According to some embodiments of the utility model, the first control unit comprises: a third capacitor, one end of which is electrically connected to the cathode of the first diode; and one end of the third resistor is electrically connected with the other end of the third capacitor, and the other end of the third resistor is electrically connected with the base electrode of the first triode.

According to some embodiments of the utility model, the second control unit comprises: a collector of the second triode is electrically connected with a base of the first triode, a base of the second triode is electrically connected with the first resistor, and an emitter of the second triode is electrically connected with the second resistor; and the base electrode of the third triode is respectively and electrically connected with the second resistor and the emitting electrode of the third triode, the emitting electrode of the third triode is grounded, and the collecting electrode of the third triode is electrically connected with the first resistor.

According to some embodiments of the utility model, further comprising: one end of the first detection module is electrically connected with the first output module, and the other end of the first detection module is electrically connected with the switch control module and is used for detecting an output signal of the first output module; and one end of the second detection module is electrically connected with the second output module, and the other end of the second detection module is electrically connected with the switch control module and is used for detecting an output signal of the second output module.

According to some embodiments of the utility model, the first detection module comprises: the negative electrode of the third diode is electrically connected with the switch control module; one end of the first voltage-stabilizing tube is electrically connected with the anode of the third diode; and one end of the fourth resistor is electrically connected with the other end of the first voltage regulator tube, and the other end of the fourth resistor is electrically connected with the first output module.

According to some embodiments of the utility model, the second detection module comprises: a negative electrode of the fourth diode is electrically connected with the switch control module; one end of the second voltage-stabilizing tube is electrically connected with the anode of the fourth diode; one end of the fifth resistor is electrically connected with the other end of the second voltage regulator tube, and the other end of the fifth resistor is electrically connected with the second output module.

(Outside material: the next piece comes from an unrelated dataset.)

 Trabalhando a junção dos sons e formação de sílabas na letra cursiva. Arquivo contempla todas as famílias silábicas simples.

Additional aspects and advantages of the utility model will be set forth in part in the description which follows and, in part, will be obvious from the description, or may be learned by practice of the utility model.

Drawings

The utility model is further described with reference to the following figures and examples, in which:

FIG. 1 is a block diagram of a power circuit according to an embodiment of the present invention;

fig. 2 is a schematic circuit diagram of a power circuit according to an embodiment of the utility model.

Reference numerals:

the power supply module 100, the switch control module 200, the first control unit 210, the second control unit 220, the transformer 300, the first output module 400, the second output module 500, the first detection module 600, and the second detection module 700.

Detailed Description

Reference will now be made in detail to embodiments of the present invention, examples of which are illustrated in the accompanying drawings, wherein like or similar reference numerals refer to the same or similar elements or elements having the same or similar function throughout. The embodiments described below with reference to the accompanying drawings are illustrative only for the purpose of explaining the present invention, and are not to be construed as limiting the present invention.

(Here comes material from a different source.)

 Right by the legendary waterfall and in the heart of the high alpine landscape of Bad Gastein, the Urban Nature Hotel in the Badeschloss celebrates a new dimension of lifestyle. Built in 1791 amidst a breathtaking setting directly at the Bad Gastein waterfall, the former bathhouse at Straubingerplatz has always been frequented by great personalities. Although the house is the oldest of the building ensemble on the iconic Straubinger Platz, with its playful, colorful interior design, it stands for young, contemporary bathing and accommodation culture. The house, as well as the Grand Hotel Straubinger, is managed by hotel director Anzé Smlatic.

In the description of the present invention, it should be understood that the orientation or positional relationship referred to in the description of the orientation, such as the upper, lower, front, rear, left, right, etc., is based on the orientation or positional relationship shown in the drawings, and is only for convenience of description and simplification of description, and does not indicate or imply that the device or element referred to must have a specific orientation, be constructed and operated in a specific orientation, and thus, should not be construed as limiting the present invention.

In the description of the present invention, the meaning of a plurality is one or more, the meaning of a plurality is two or more, and the above, below, exceeding, etc. are understood as excluding the present numbers, and the above, below, within, etc. are understood as including the present numbers. If the first and second are described for the purpose of distinguishing technical features, they are not to be understood as indicating or implying relative importance or implicitly indicating the number of technical features indicated or implicitly indicating the precedence of the technical features indicated.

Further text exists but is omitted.